Hi,
Yeah, that sounds like something that you couldn't model directly. In
my initial reading, I hadn't noticed that you were creating an entity
for the join table.
Is it important that the B-A relation be unordered? If not, then you
could just model the A-B with ordering, and happen to get that
ordering also on the other side of the relation.
Also, is there any reason why you're modeling the BRef table as an
entity, vs. just using two many-to-many relationships?
-Patrick
On Jan 25, 2008 3:46 PM, Andy Schlaikjer <[EMAIL PROTECTED]> wrote:
> Hi Patrick,
>
> Thanks for your response. I did see in documentation the note on
> specifying the mapping of a bidirectional relation on only one side of
> the relation, but in my case the nature of the bidirectional
> relationship is a bit more constrained: the A to B relation is ordered,
> whereas the B to A relation is unordered. I'm not aware of any mechanism
> in JPA by which I can specify an "orderBy" column within a join table,
> so I'm at a loss here.
>
> Thanks,
> Andy
>
>
> Patrick Linskey wrote:
> > Hi,
> >
> > If you're trying to model a bidirectional relationship, you should
> > only specify mapping info for one side and use the mappedBy annotation
> > property on the other side of the relation.
> >
> > -Patrick
> >
> > On 1/25/08, Andy Schlaikjer <[EMAIL PROTECTED]> wrote:
> >> Hi all,
> >>
> >> I was curious if/how I might get into trouble by reusing a table to
> >> support mapping of an @Entity as well as a @JoinTable.

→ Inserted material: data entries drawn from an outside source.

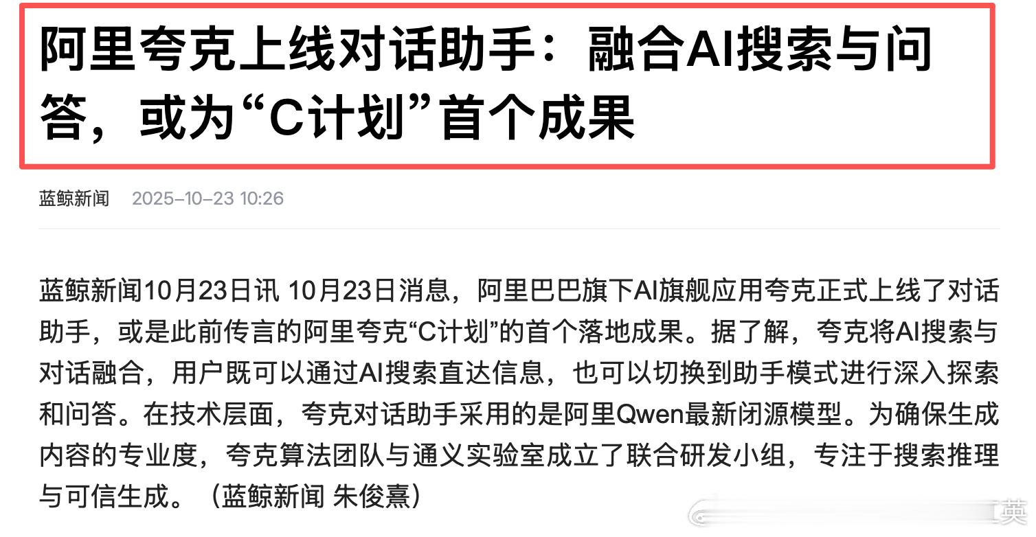 这次夸克上线的对话助手,还真就不是聊天机器人那么简单,而是把“搜索能力”和“对话体验”结合在一起。而在这背后做出技术支持的,正是Qwen最新闭源模型!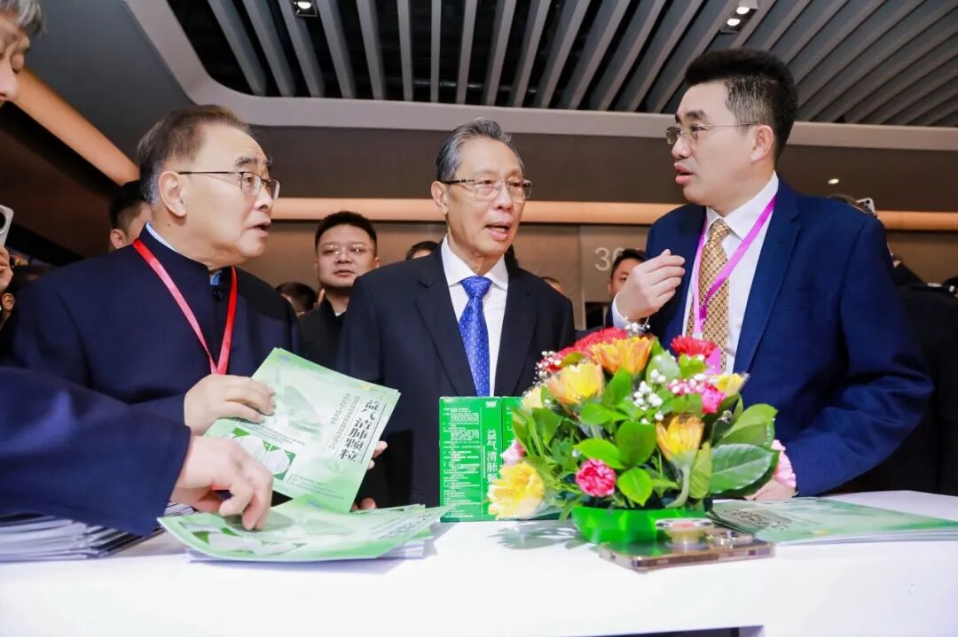 益气清肺颗粒的上市引发社会与行业的广泛关注。会议期间,华润三九董事长邱华伟陪同钟南山院士、张伯礼院士一行参观华润三九展台,了解益气清肺颗粒。参观过程中,钟南山院士与张伯礼院士详细了解了企业在恢复期科研与临床布局方面的最新进展。两位院士对产品在恢复期治疗中的创新价值给予高度关注,并肯定了其在推动恢复期医学发展中的潜在作用。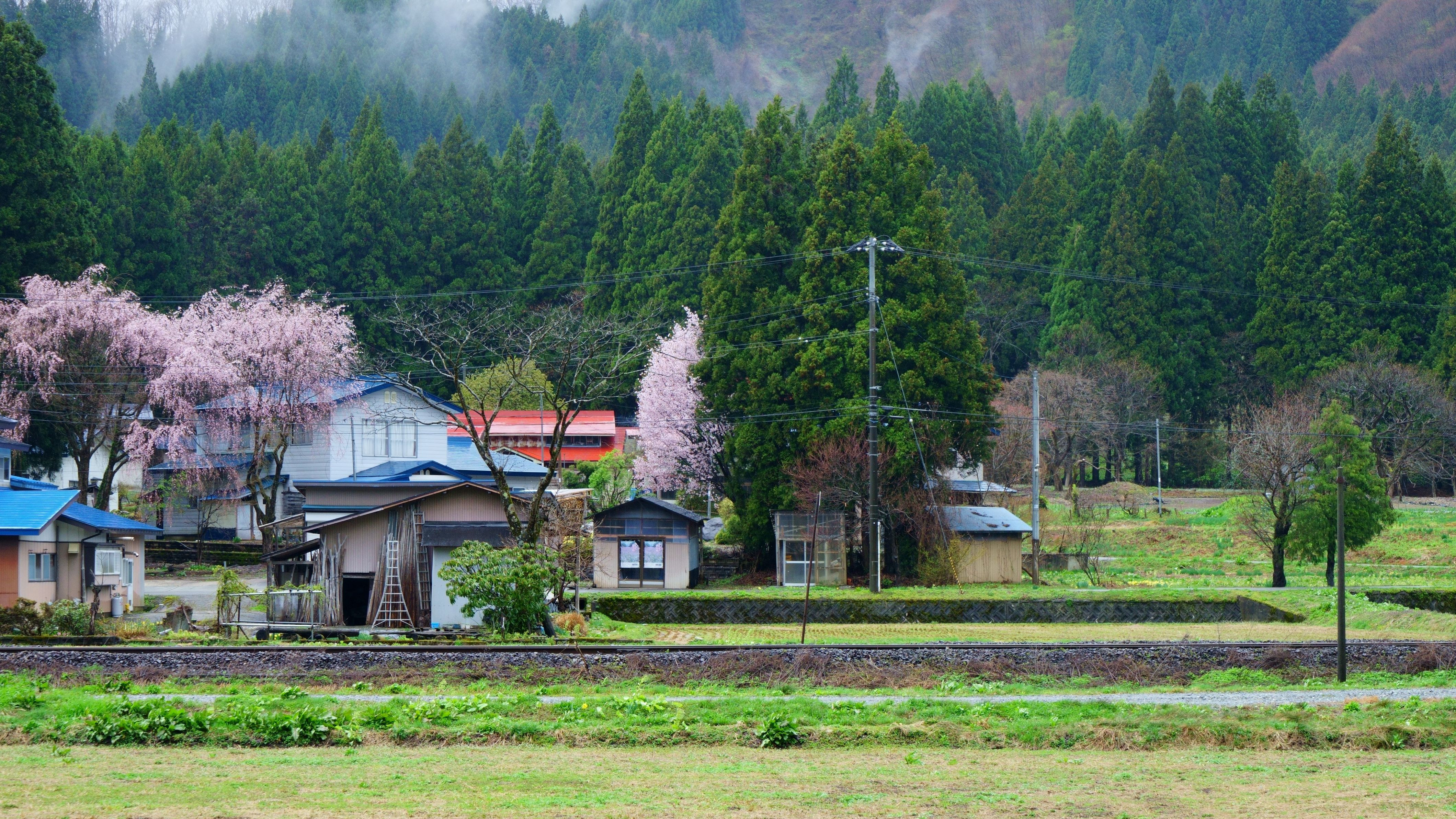 雨が上がり、生き生きと茂る緑の木々の中にひときわ目を引く桜。自然に包まれるようにゆったりと時間が流れる。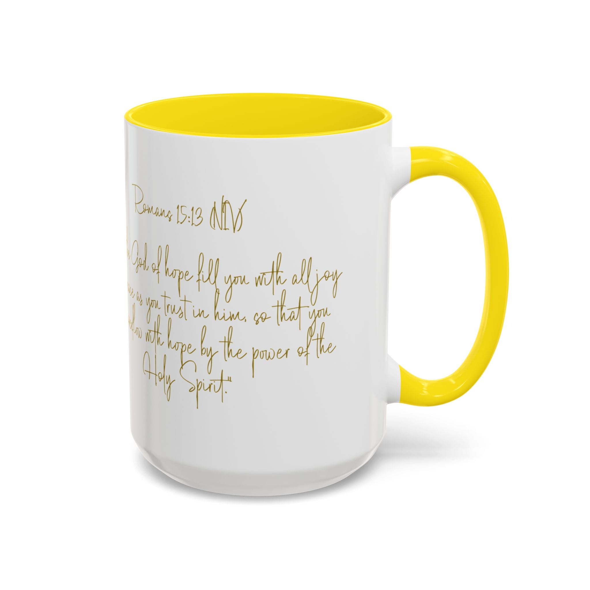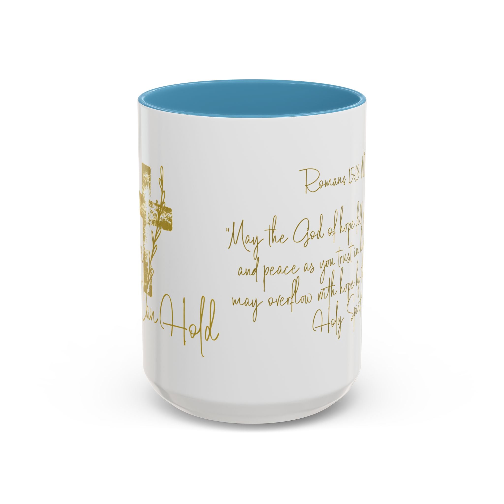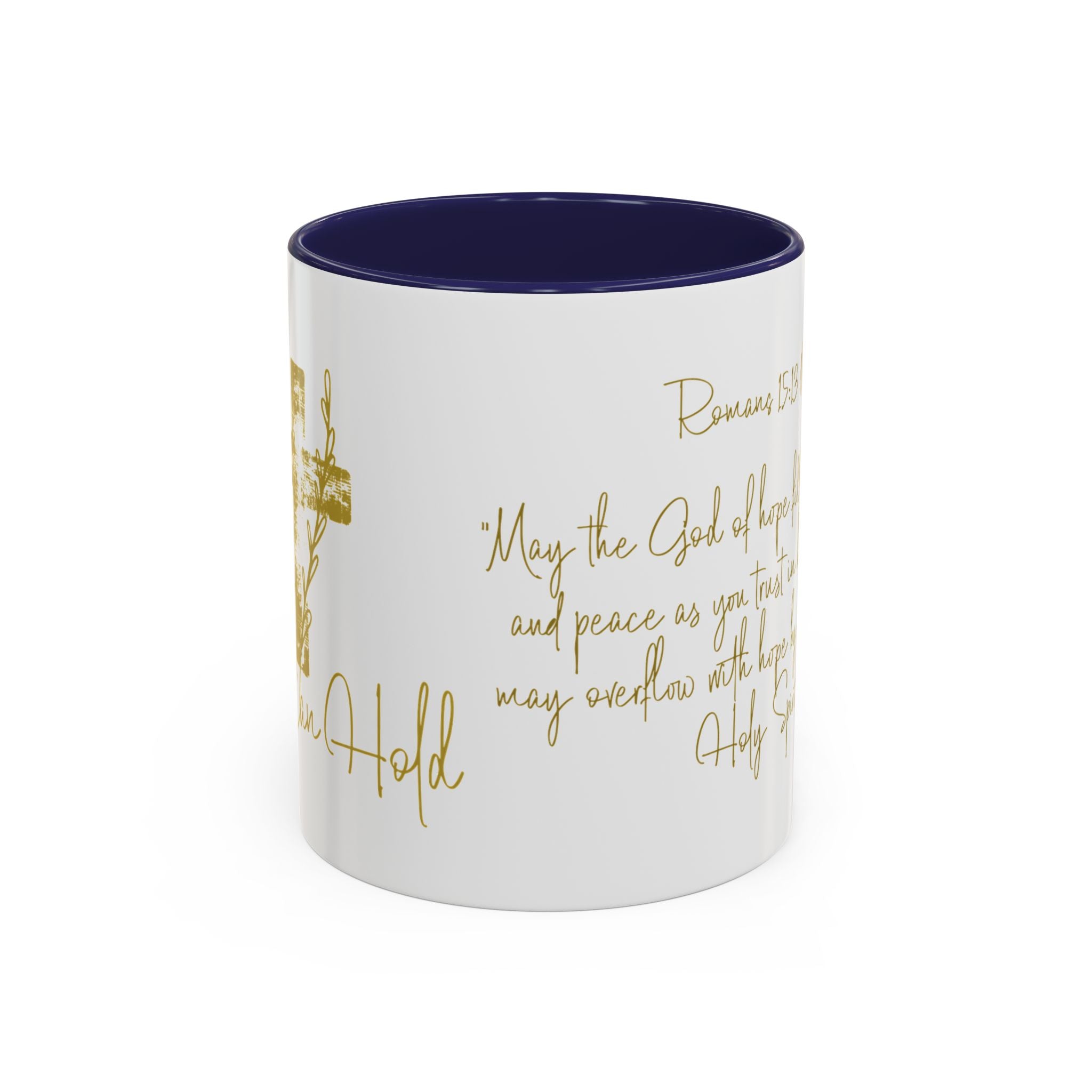 Christian Scripture Coffee Mug – Romans 15:13 Gold Calligraphy Accent Mug (11/15oz)

Here's an example:
> >>
> >> I have the following entities A, BRef, and B where a unidirectional
> >> many-to-many relation between A and B is defined via BRef (acting here
> >> as an explicit join table):
> >>
> >> @Entity
> >> class A {
> >> @Id
> >> protected long id;
> >>
> >> @OneToMany(mappedBy = "a")
> >> @OrderBy("idx")
> >> protected List<BRef> brefs;
> >> }
> >>
> >> @Entity
> >> @Table(uniqueConstraints = @UniqueConstraint(columnNames = {"a_id",
> >> "b_id"}))
> >> class BRef {
> >> @Id
> >> protected long id;
> >>
> >> @ManyToOne(optional = false)
> >> protected A a;
> >>
> >> @ManyToOne(optional = false)
> >> protected B b;
> >>
> >> @Basic
> >> protected int idx;
> >> }
> >>
> >> @Entity
> >> class B {
> >> @Id
> >> protected long id;
> >> }
> >>
> >> With this mapping (using the mysql DBDictionary), the following CREATE
> >> TABLE statement reflects the BRef table:
> >>
> >> CREATE TABLE `BRef` (
> >> `id` bigint(20) NOT NULL,
> >> `idx` int(11) default NULL,
> >> `a_id` bigint(20) default NULL,
> >> `b_id` bigint(20) default NULL,
> >> PRIMARY KEY (`id`),
> >> UNIQUE KEY `a_id` (`a_id`,`b_id`),
> >> KEY `I_BREF_A` (`a_id`),
> >> KEY `I_BREF_B` (`b_id`)
> >> ) ENGINE=InnoDB DEFAULT CHARSET=utf8
> >>
> >> Now I'd like to extend the mapping to include the reverse many-to-many
> >> relation from B to A:
> >>
> >> @Entity
> >> class B {
> >> @Id
> >> protected long id;
> >>
> >> @OneToMany
> >> @JoinTable(
> >> name = "BRef",
> >> joinColumns = @JoinColumn(name = "b_id"),
> >> inverseJoinColumns = @JoinColumn(name = "a_id"),
> >> uniqueConstraints = @UniqueConstraint(columnNames = {"a_id", "b_id"})
> >> )
> >> protected Collection<A> as;
> >> }
> >>
> >> When I do this, the CREATE TABLE statement for table "BRef" changes
> >> slightly (ordering of columns, names of indices):
> >>
> >> CREATE TABLE `BRef` (
> >> `id` bigint(20) NOT NULL,
> >> `idx` int(11) default NULL,
> >> `b_id` bigint(20) default NULL,
> >> `a_id` bigint(20) default NULL,
> >> PRIMARY KEY (`id`),
> >> UNIQUE KEY `a_id` (`a_id`,`b_id`),
> >> KEY `I_BREF_B_ID` (`b_id`),
> >> KEY `I_BREF_ELEMENT` (`a_id`)
> >> ) ENGINE=InnoDB DEFAULT CHARSET=utf8
> >>
> >> So it is clear that the two separate mappings for table "BRef" are
> >> competing with one another. How else might the OpenJPA runtime be
> >> affected by this?
> >>
> >> Thanks,
> >> Andy
> >>
> >
> >
>
--
Patrick Linskey
202 669 5907